Indiana State Police spokesman Sgt. Todd Ringle from the Evansville post said he was shaken out of his bed by the earth's motion. Other Indiana residents, such as Kelly Bolte, a waitress in Seymour, about 60 miles south of Indianapolis, were simply awakened by the shaking.
‘‘The things on my curio were rattling and the water in the fish bowl was splashing,'' she said. ‘‘It felt like the dog was running through the house.''
After the quake, Indiana Department of Transportation crews immediately began inspecting about 800 bridges and overpasses along such highways as Interstate 64 and U.S. 41 in southwestern Indiana. Only one problem was seen - a bridge with an existing problem that was possibly worsened by the quake, said INDOT spokesman Andy Dietrick.
‘‘But this was not anything that would compromise the integrity of the bridge,'' he said.
After the 4.6-magnitude aftershock, he said INDOT crews re-inspected six bridges that are on a special inspection list because they have a similar design to the Interstate 35W bridge that collapsed in Minneapolis last August.

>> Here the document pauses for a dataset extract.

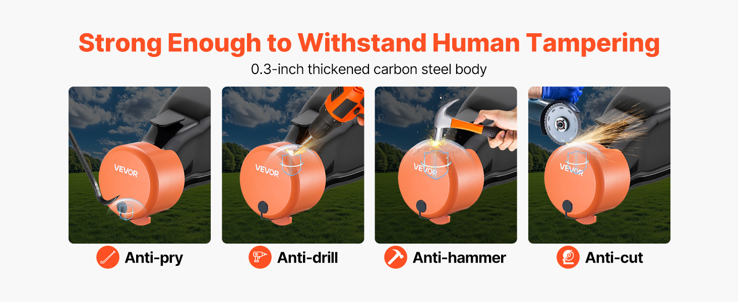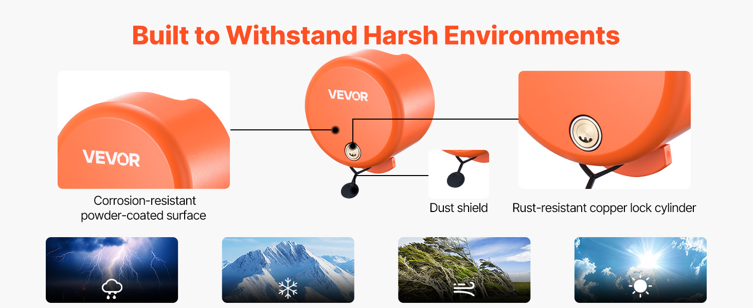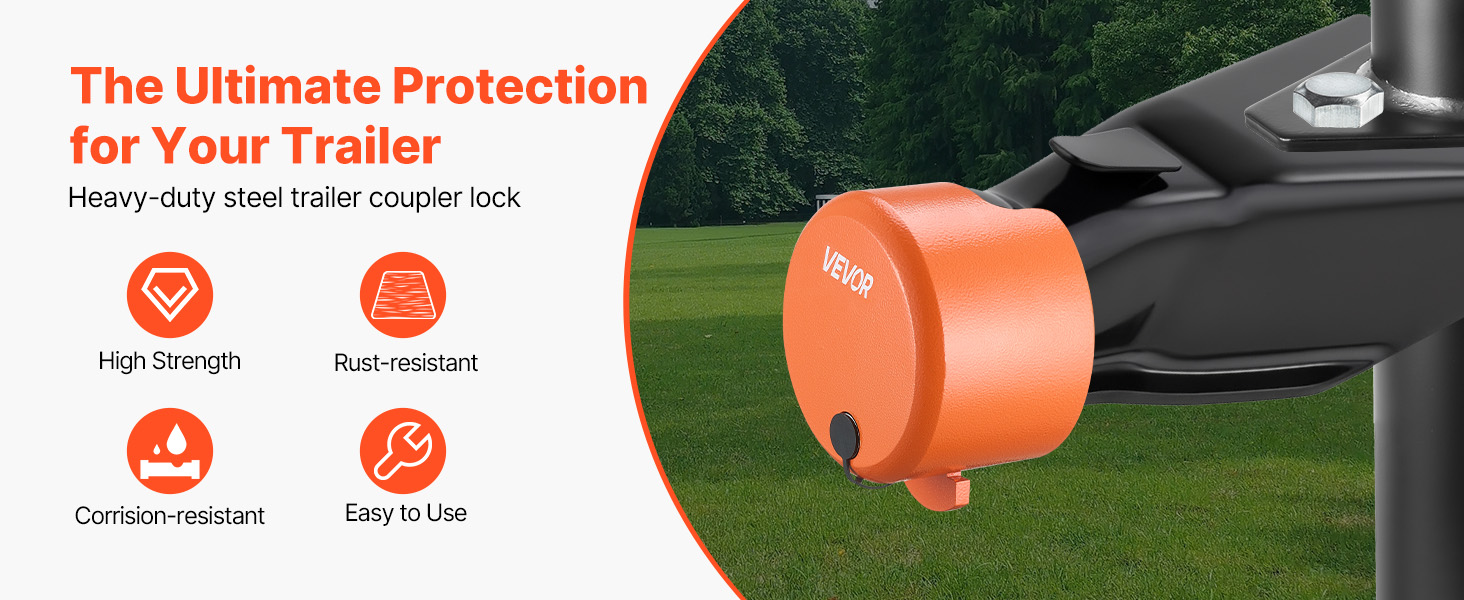 Náš 6,83 kg ťažký zámok spojky je vyrobený z vysokopevnostnej uhlíkovej ocele, vďaka čomu je odolný a bezpečný pre váš príves alebo obytný automobil. Zabezpečte svoje vozidlo pred krádežou, keď je zaparkované vonku!

At Vincennes University, about 30 miles east of the epicenter, all five dormitories were evacuated as a precaution, sending nearly 1,500 students to an intramural field for an hour, said university spokesman Duane Chattin.
In one residence hall, the earthquake triggered the fire alarm, Chattin said.
The quake was apparently part of the Wabash Valley fault, a northern extension of the New Madrid fault about six miles north of Mount Carmel, Ill.
Larry Braile, head of Purdue University's Department of Earth and Atmospheric Sciences, said Friday's quake was the most powerful in the Midwest since a magnitude 5.5 rocked southeastern Illinois in November 1968.
Phil Roberts, an earthquake consultant for Indiana, said the state experiences hundreds of earthquakes each year with magnitudes ranging from 1.2 to about 2.0 - too weak to be felt.